Claimant Representative: Doc Kennedy J.D.
About halfway through a near-40-year career in the industry, a Texas-based advisor was hit with a termination disclosure alleging that he had reallocated a customer’s subaccounts without authorization. He lived with the stain on his records for almost two decades before he’d had enough. Finally, he decided to try to get the disclosure expunged through FINRA Dispute Resolution with the help of AdvisorLaw.
In 2002, the advisor started his own registered investment advisor (RIA). About six months later, he joined the broker-dealer firm, Momentum. While the BD didn’t allow discretionary accounts, the advisor had a clearing contract with Southwest Securities, Inc. (SSI) for advisory services. He maintained discretion in the SSI accounts and used that discretion for a periodic rebalancing of accounts. During the time he was registered with Momentum, he became its highest-producing advisor.
In December of 2004, the advisor sent letters to clients of SSI, informing them of the upcoming rebalancing of their accounts and requesting to be contacted with any objections to the proposed strategy. The advisor carried out the planned rebalancing, exercising the discretion that he had been granted by the customers. However, one customer subsequently complained.
Regardless of the fact that the client had granted the advisor consent by authorizing discretion, the false allegations published with the termination disclosure, as well as a second internal review disclosure, marred the advisor’s records since the time when the Form U5 was filed — in early 2005.
At the hearing on the matter, the FINRA arbitrator read the pleadings and evidence submitted, as well as any post-hearing submissions.

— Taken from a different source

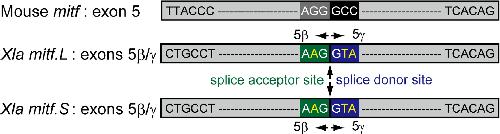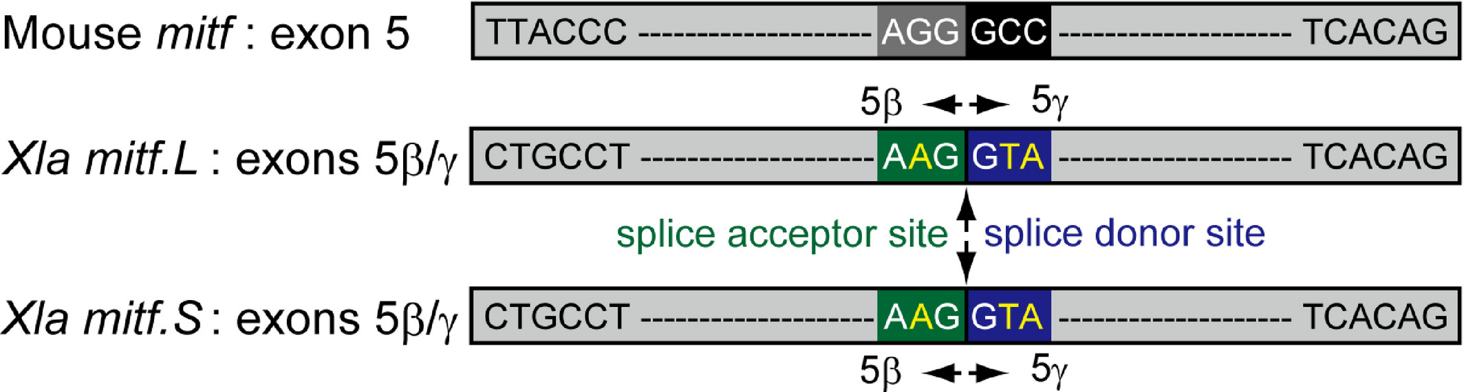 Figure 3. Comparison of “exon 5” in mouse mitf and exons 5β/γ in X. laevis mitf.L and mitf.S. The amino acid sequences of exons 5β/γ in X. laevis mitf.L and mitf.S are identical to those of “exon 5” in mouse mitf (see Figure ). AGG (dark gray) and GCC (black) in mouse mitf “exon 5” correspond to AAG (green) in exon 5β and GTA (blue) in exon 5γ, respectively, in X. laevis mitf.L and mitf.S. If AGG (dark gray) and GCC (black) change into AAG (green) and GTA (blue), splice acceptor (green) and donor (blue) sites would be created, respectively. Arrows indicate the boundary of exon 5β and exon 5γ in X. laevis mitf.L and mitf.S.

The advisor testified and Dochtor Kennedy, MBA, J.D. presented his arguments as to why the allegations painted the advisor in a negative light.
After consideration of the matter, the arbitrator determined that all references to the termination and internal review disclosures should be deleted in their entirety and “appear blank.” He ordered that the “Reason for Termination” be changed to “Voluntary” and that any “Yes” answers on the advisor’s records should be changed to “No,” as applicable. The Arbitrator cited the “defamatory nature of the information” as the basis for recommending expungement.
Finally, after dedicating his career to the industry and living with defamatory-in-nature allegations on his public records for half of that time, this advisor can move forward, free of the negative language and its impact on his business.